The resulting map should have keys like the following and lists need to be immutable:

fName: ["f1", "f2", "f3", "f4"],
lName: ["l1", "l2", "l3", "l4"],
fullTime: ["f2 l2", "f4 l4"]

This would be easy with multiple streams, but the original data is quite large, so am trying to do it in one pass. I also have Guava and Apache Commons available if there is another method I'm not aware of. Thanks!

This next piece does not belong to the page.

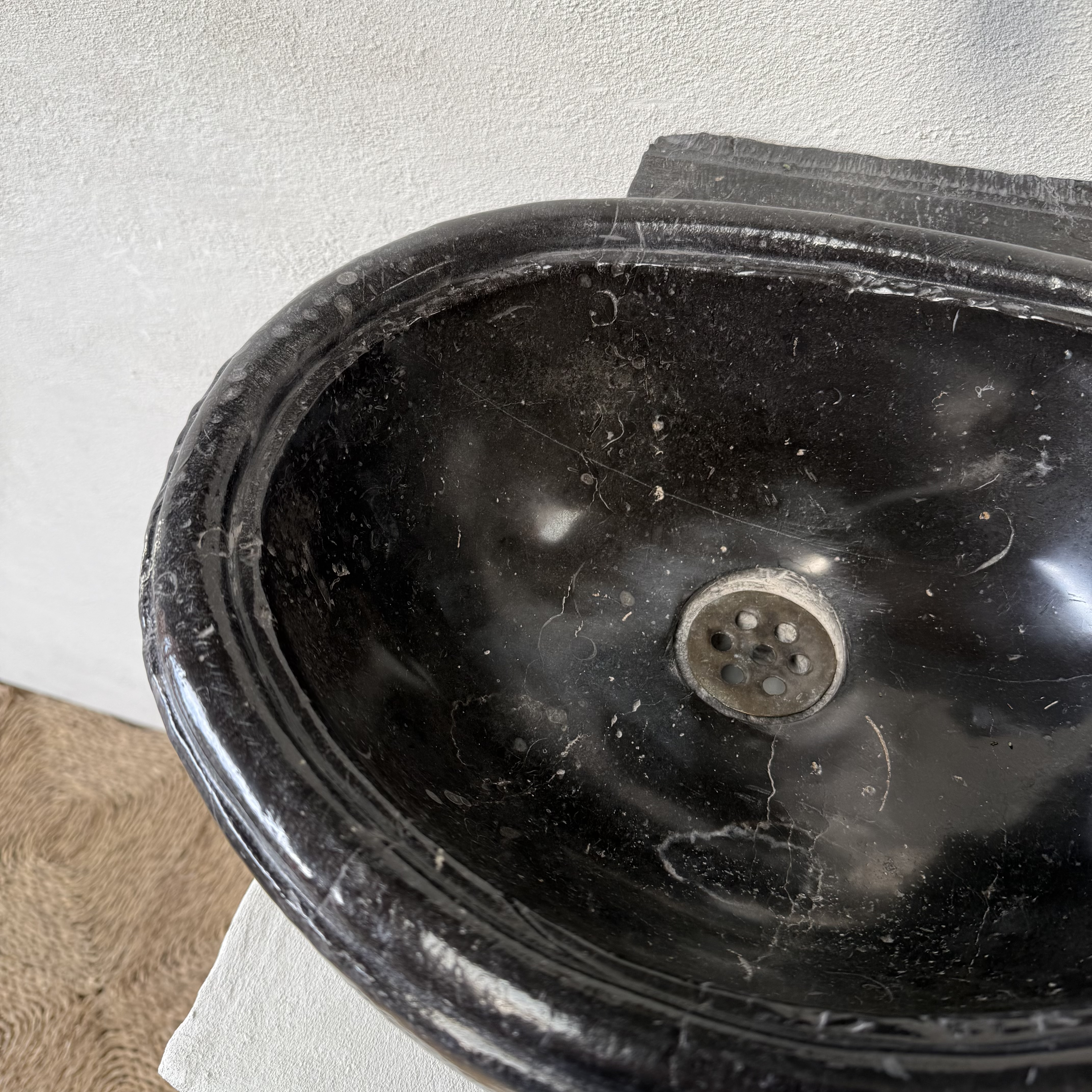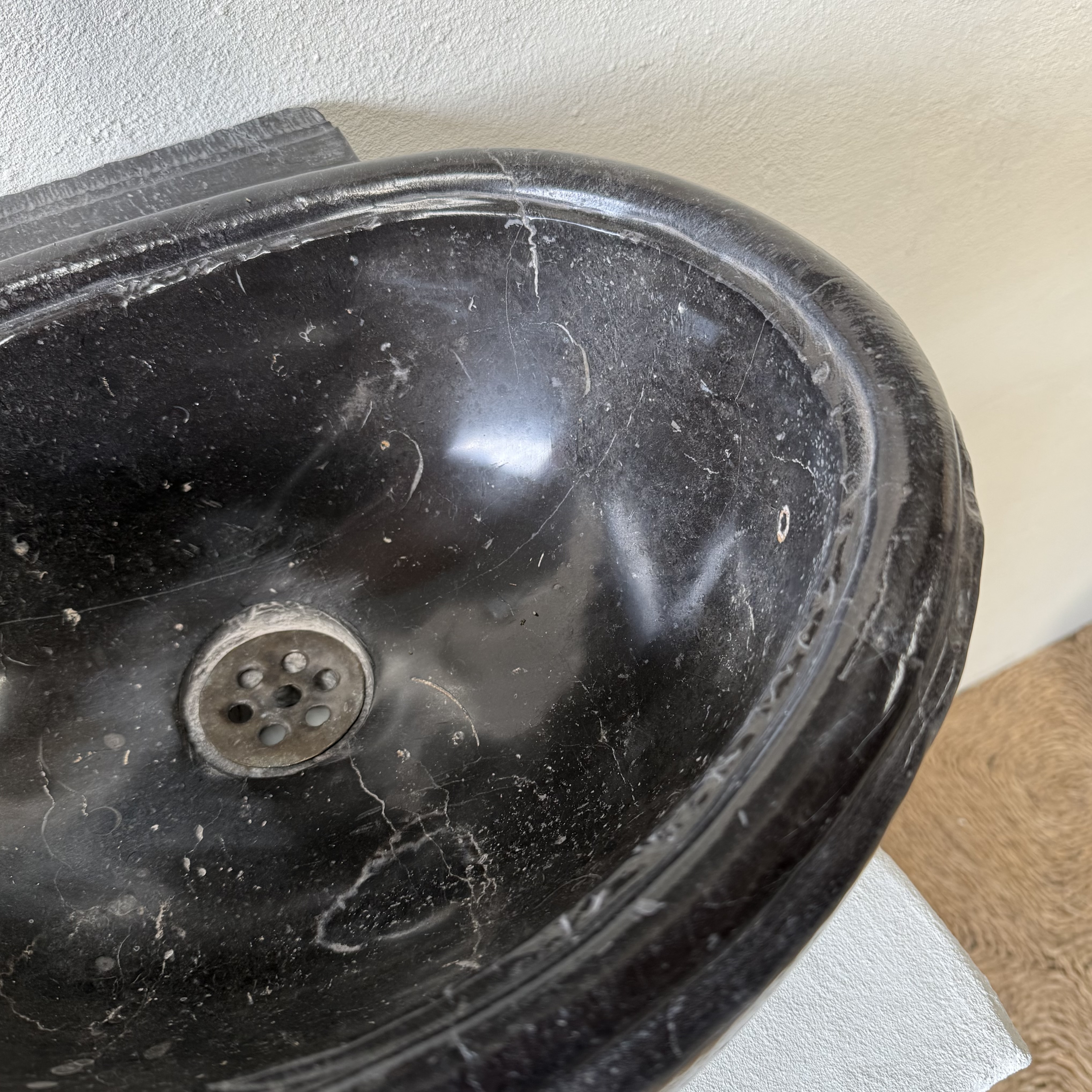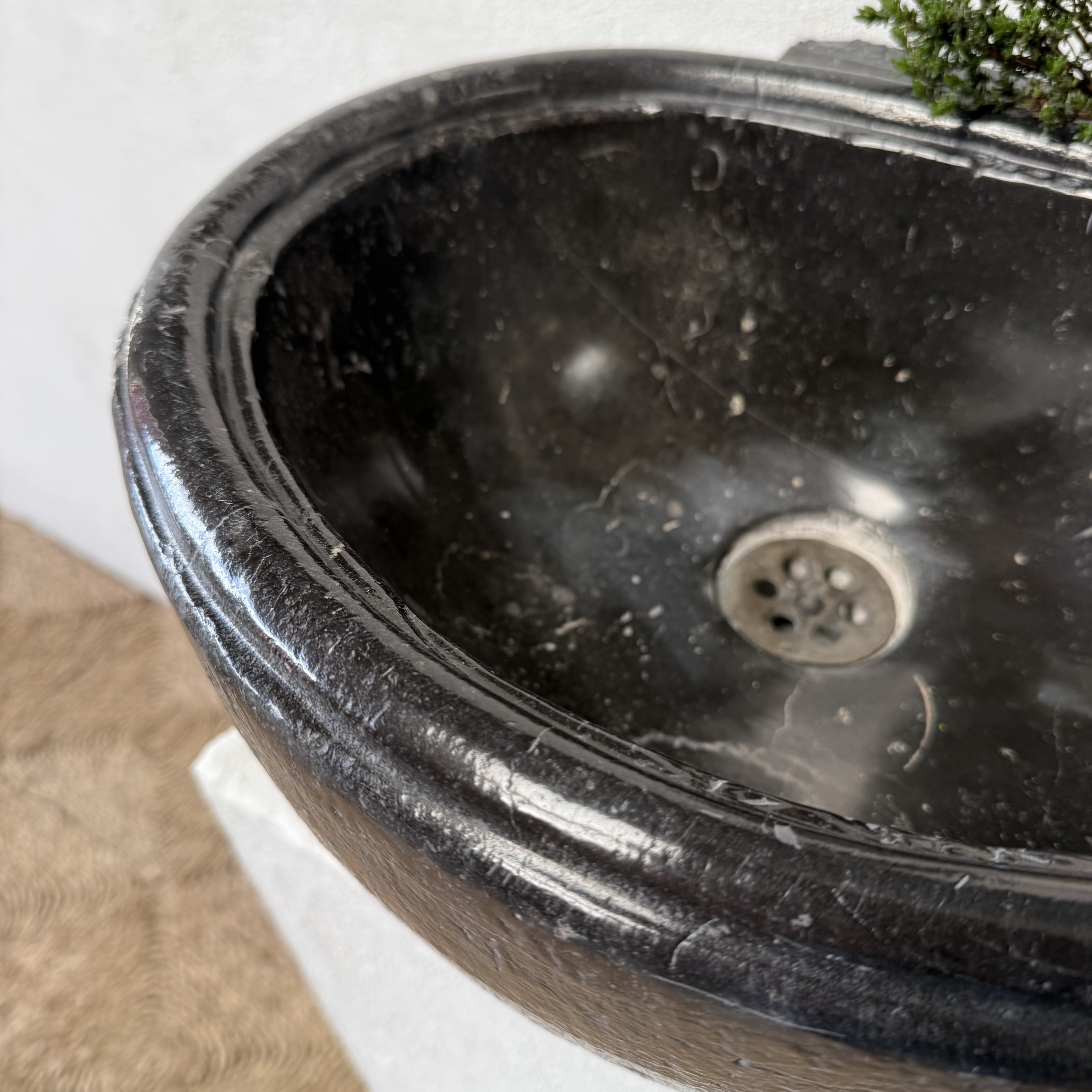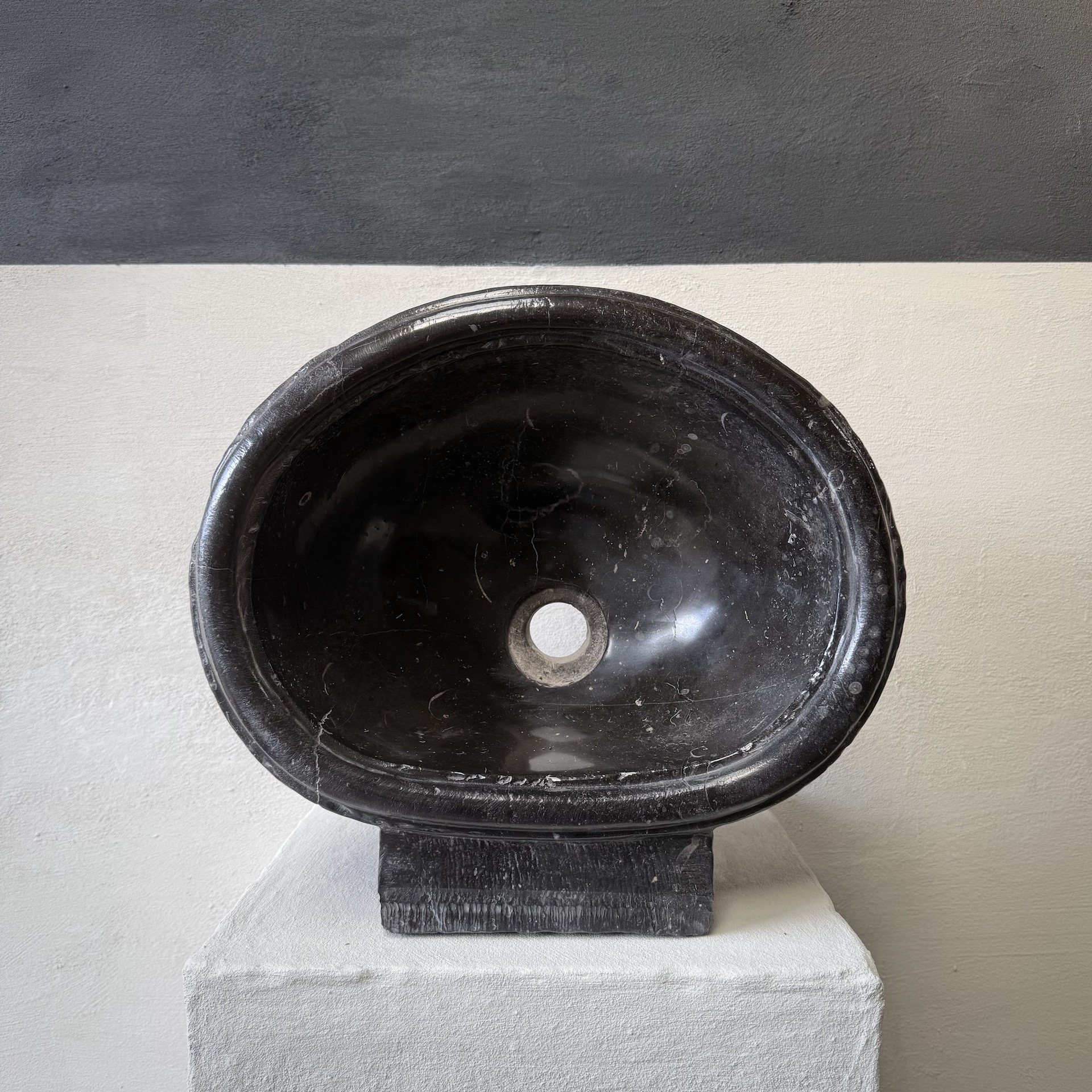 An early 18th century black marble basin of elegant oval form with a deep, bowl-shaped body. The surface is finely hand-chiseled and displays a rich, naturally worn patina.

Edit 1: show how I'm doing it now

Here is what I'm doing in three streams that I'd like to simplify to one:

var firstName = employees.stream()
        .map(e -> e.getFirstName())
        .collect(Collectors.toUnmodifiableList());
var lastName = employees.stream()
        .map(e -> e.getLastName())
        .collect(Collectors.toUnmodifiableList());
var fullTime = employees.stream()
        .filter(e -> e.getStatus().equals(Status.FULL_TIME))
        .collect(Collectors.toUnmodifiableList());
6
  • 1
    What have you tried? If nothing, why not? Commented Mar 19, 2021 at 23:31
  • Is there any reason this has to be done with a stream? This particular problem doesn't lend itself very well to streams because each of the elements in your map is a different property, so they aren't related to each other in any way. A for (or forEach) loop seems like a much cleaner solution. Commented Mar 20, 2021 at 0:03
  • @Michael Apologies, I didn't think what I tried added anything to the original question. I have tried many incantations of stream, including using groupingBy, partitioningBy, mapping, collectingAndThen, etc. What I keep running into is I can modify and return single elements, but can't return a single element to multiple keys. Commented Mar 20, 2021 at 0:18
  • @CharlieArmstrong Thanks, I'd be more than happy to use another method, but I need immutability. A forEach works if I'm doing multiple passes, but can't figure out how to do it in one pass with immutability. Commented Mar 20, 2021 at 0:20
  • I would have recommended something similar to k1r0's answer, where you populate the lists, and then convert them to immutable lists. Reading your comment down there, I'm not sure I understand what you mean when you say you "need immutable lists from the start." You can't populate immutable lists, by dint of being immutable. It sounds like your working with more restrictions than you're telling us here. Can you try to elaborate on what you're really trying to do here? Commented Mar 20, 2021 at 0:36

5 Answers 5

3

You can convert the employee object to list of pairs where the pair key is the map key and the pair value is single value of the list. Then you can "group by" the pairs by the key.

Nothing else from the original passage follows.